Spicy Roast Chicken
Total Time: 1 hr 20 mins
Preparation Time: 10 mins
Cook Time: 1 hr 10 mins
Ingredients
- Servings: 4
- 4 1/2 tablespoons oyster sauce
- 2 tablespoons soy sauce
- 1 1/2 tablespoons ketchup
- 1 1/2 tablespoons packed light brown sugar
- 2 tablespoons minced garlic
- 1 1/2 tablespoons minced peeled fresh ginger
- 5 small shallots, minced
- 1 1/2 teaspoons hot chili paste
- 4 1/2-5 lbs chicken
- steamed rice (to accompany)
Recipe
- 1 for marinade: in a large bowl, stir together marinade ingredients.
- 2 rinse chicken inside and out and pat dry completely.
- 3 remove excess fat from chicken and prick skin all over with a fork so that marinade can penetrate.

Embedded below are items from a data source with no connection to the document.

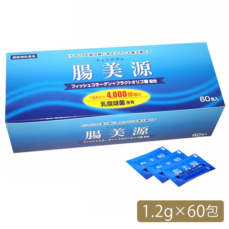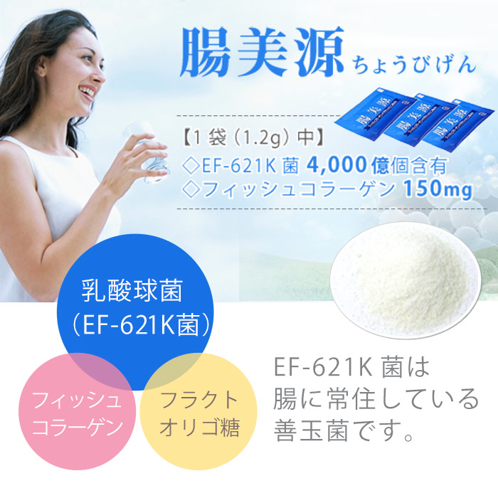 「腸美源」は、腸内善玉菌の最高の乳酸球【EF-621K菌】に、【フィッシュコラーゲン】と【フラクトオリゴ糖】を配合した、体内美容サポート食品です。
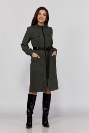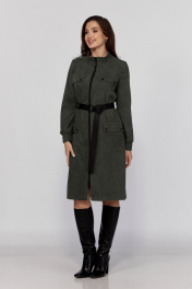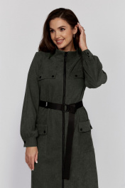 Платье женское, прямого кроя. Горловина со стойкой. Рукав длинный втачной, с манжетой на пуговице.По переду обработана планка с молнией. А также карманы клапаны. В области талии обработана кулиса с резинкой на сборку. Спинка со средним швом и кокеткой.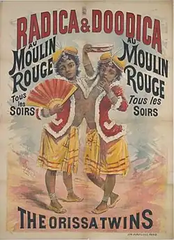 Radhika and Dudhika Nayak (born 1888; Dudhika died on February 16, 1902; Radhika died in November 1903) were Indian conjoined twin sisters. They toured Europe and North America as "the Orissa Twins", sideshow performers with the Barnum and Bailey Circus. (Their names were spelled various ways in reports, over time and across languages.)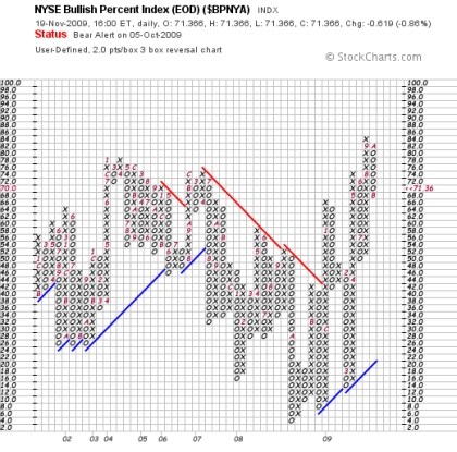 Das von mir hier schon mehrfach angesprochene „Bullish Percent-Konzept“ ist ein Risiko-Parameter, welches die Zustände eines Marktes in verschiedene Gefahrenbereiche differenziert. Es handelt sich hierbei auf keinen Fall um ein Timinginstrument, sondern um einen Gradmesser für das Risiko von Aktienengagements. Dieser Indikator ist so wichtig, da er Ihnen den „inneren“ Zustand des Marktes oder eines Sektors verrät. Marktzustände oberhalb von 70% sind überkauft und mit Vorsicht zu genießen, obwohl gerade dann die Mehrheit der Kommentatoren euphorisch wird. Bildet sich aber in diesem Bereich, wie aktuell, eine O-Spalte, ist mit Verlusten zu rechnen, die über das Maß von Gewinnmitnahmen hinausgehen . Mindestens 6 % aller Werte müssen ein objektives Verkaufssignal ausbilden, um eine neue O-Spalte zu eröffnen. In anderen Worten könnte man auch sagen, der BPI zeigt, wie viele Prozent der Aktien eine Hausse oder Baisse mittragen.

- 4 add chicken to marinade and rub inside and out to coat.
- 5 marinate chicken, covered and chilled, at least 4 hours and up to 1 day (closer to a day is better for flavour).
- 6 preheat oven to 425f and line your roasting pan with aluminum foil.

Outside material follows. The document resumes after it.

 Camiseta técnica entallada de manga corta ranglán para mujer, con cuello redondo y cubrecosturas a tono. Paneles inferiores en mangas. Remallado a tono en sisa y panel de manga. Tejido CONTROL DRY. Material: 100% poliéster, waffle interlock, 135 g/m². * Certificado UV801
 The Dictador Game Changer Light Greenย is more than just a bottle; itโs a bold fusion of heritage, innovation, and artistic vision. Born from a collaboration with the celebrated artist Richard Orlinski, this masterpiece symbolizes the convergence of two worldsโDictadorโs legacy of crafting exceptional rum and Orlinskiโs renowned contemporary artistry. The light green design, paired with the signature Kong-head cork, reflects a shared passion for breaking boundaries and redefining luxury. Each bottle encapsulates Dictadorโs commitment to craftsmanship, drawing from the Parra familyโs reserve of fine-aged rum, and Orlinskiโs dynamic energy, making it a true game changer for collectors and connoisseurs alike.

- 7 arrange chicken, breast side down, and pour marinade over it.
- 8 roast chicken in middle of oven 30 minutes.
- 9 turn chicken breast side up and baste with pan juices.

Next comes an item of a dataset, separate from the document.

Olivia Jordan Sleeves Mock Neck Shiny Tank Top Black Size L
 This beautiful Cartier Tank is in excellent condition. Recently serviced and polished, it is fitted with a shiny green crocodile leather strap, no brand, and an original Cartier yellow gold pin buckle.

- 10 roast chicken, basting occasionally, 40 minutes or more, until cooked through and skin is golden-brown. (if you find chicken is getting too dark, tent loosely with aluminum foil).
- 11 let chicken stand, loosely covered, 10 minutes before carving.
- 12 skim fat off juices and serve with chicken and steamed rice.